44. Mr. Roy, Learned counsel for the Opposite Party also relied upon the interpretation of natural justice. Mr. Roy contended that his client was

not told why he was called in the meeting which was held in the month of July 2003. It was his further contention that as he was not told about the

nature of enquiry, he did not get any proper opportunity to place his case. It was the further plea of Mr. Roy that the whole episode including the

second meeting which was held in the month of August 2003 will go to show that the previous meeting which was held in the month of July 2003

where resolution was already taken that he would be suspended is nothing but act of revenge taken by the committee headed by Mr. Luthra.

45. Mr. Roy asked the question why the Opposite Party has been suspended twice as he was suspended again in the month of August 2003

through he was suspended earlier in the month of July, 2003.

46. I have already stated that Mr. Roy relied upon the cases which were mentioned earlier.

47. Let me discuss the said case laws.

48. The case reported in (1986)4 SCC 537, Institute of Chartered Accountants of India vs. L.K. Ratna & Ors., the Hon''ble Supreme Court held

that civil Court has power, if it is found that in the departmental enquiry proper opportunity was not given to the person concerned.

49. In the case reported in 1974 CWN 404, Ujjal Talukdar vs. Netai Chand Koley, the Court held that a Court can set aside the decision of a

domestic Tribunal only when tribunal over stepped the limits of its jurisdiction, where, it violates the principle of natural justice, when it acts

dishonestly or its decision is passed on a legal misconstruction.

50. In the case reported in All England Law Reports, Vol. I, 175, Lee vs. Showmen''s Guild of Great Britain, the court held that the Court had

jurisdiction to examine any decision of the committee which involved a question of law including one of the interpretation of rules, on the facts of

the committee, had mis-construed Rule 15(C) in findings that the plaintiff had been guilty of ""unfair competition"" within the meaning of that rule; and.

therefore, the committee had acted ultra vires and their decision to expel the plaintiff was void.

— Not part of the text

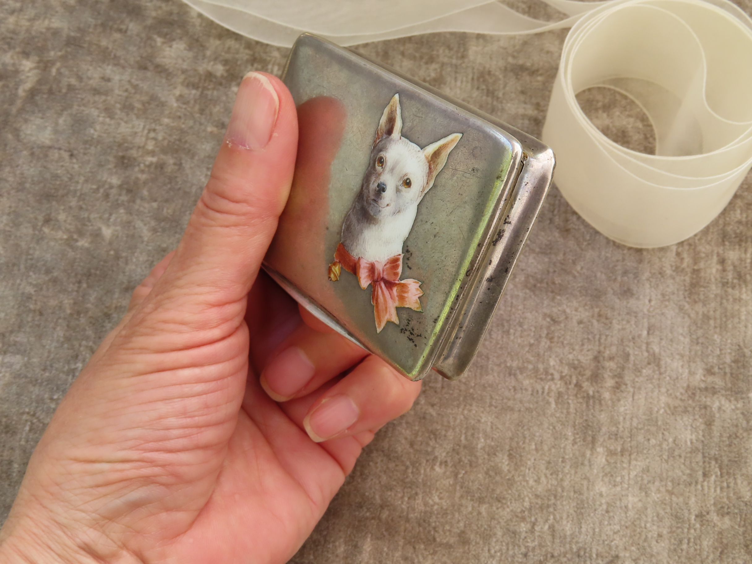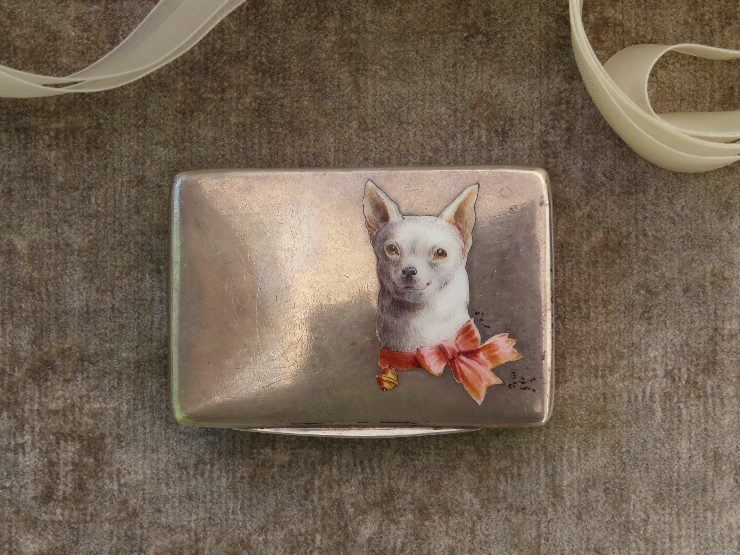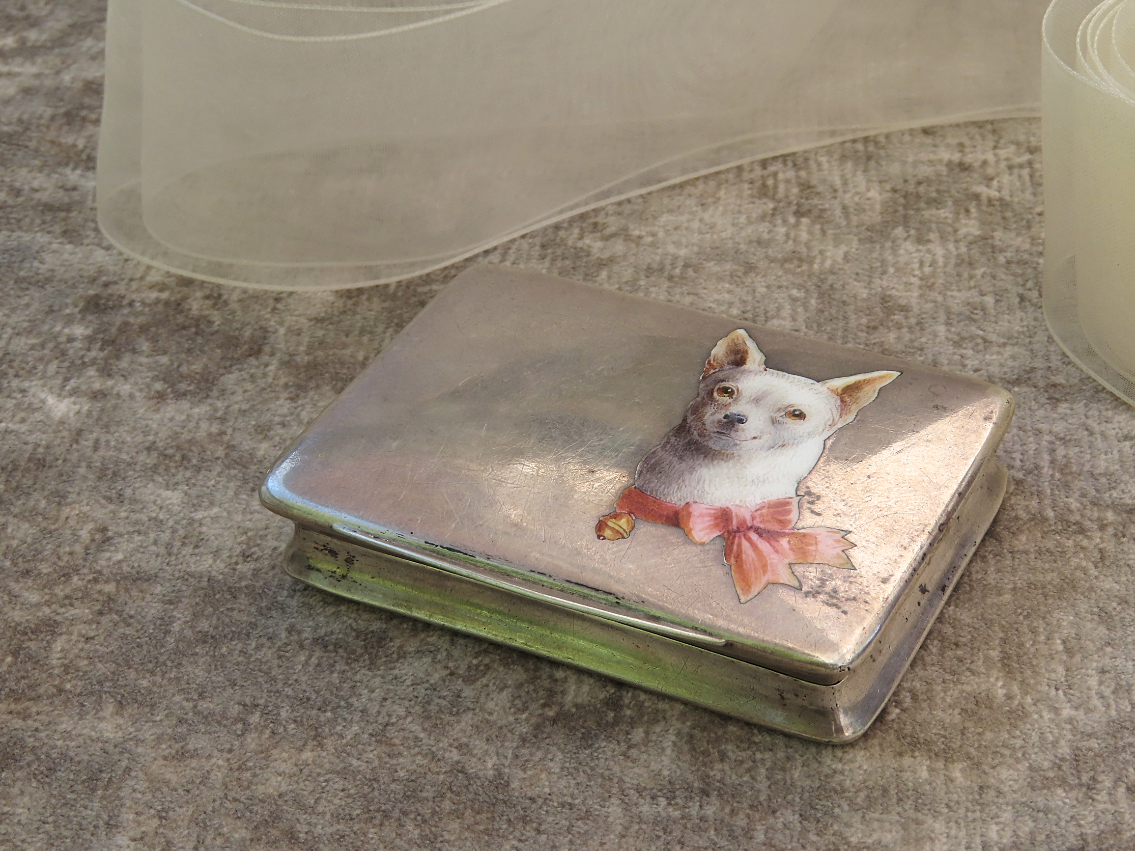 「ウチのかわいい子」のシガレットケース、そうとう愛用されたのか、銀の表面にはかすり傷あれど、しかしエナメル面には損傷はありません。*^^*

51. In the instant case, it is not disputed that the article written was mainly against Mr. Luthra who was the captain of the meeting on both the

occasions and he presented the case against the present Opposite Party/ plaintiff. It is also clear from the materials on record that the

plaintiff/Opposite Party was not given any opportunity to place his case as in the notice, nothing was mentioned why he was called to attend the

meeting. It is also not disputed that the questionnaire was placed before the Court at a belated stage though the defendant/petitioner took the

specific plea that the present Opposite Party/plaintiff did not give any answer to the queries made by the members in the meeting. It is also not

disputed that in the questionnaire the signature of the present Opposite Party was not taken. In view of the said position, I am of clear opinion that

the Learned Trial Judge found strong prima facie case in favour of the plaintiff/Opposite Party and was also of opinion that balance of convenience

and inconvenience was in his favour.

52. Accordingly, I am also of clear opinion that there is no need to interfere with the findings of the Learned Trial Judge which was subsequently

affirmed by the appellate Court. As such, the instant revisional application is dismissed but without any cost being devoid of any merit.

53. Interim order of stay granted earlier be vacated.

54. It is needless to mention that I have not gone through the merit of the case and findings in the body of this order is only tentative and not final

and the Learned Trial Judge will not be influenced by the said findings in disposing of the suit. Urgent Xerox certified copy of this order be given to

the parties within 10 days from the date of this order on proper application

CO. 1339 of 2005.

Later on:

After passing of the order, it is prayed on behalf of the present petitioner that operation of the order be staved.

In view of the discussion made in the body of the said judgment, I do not find any reason to pass such order and accordingly, the same is rejected.

Urgent xerox certified copy of this order be given to the parties within seven days from the date of application.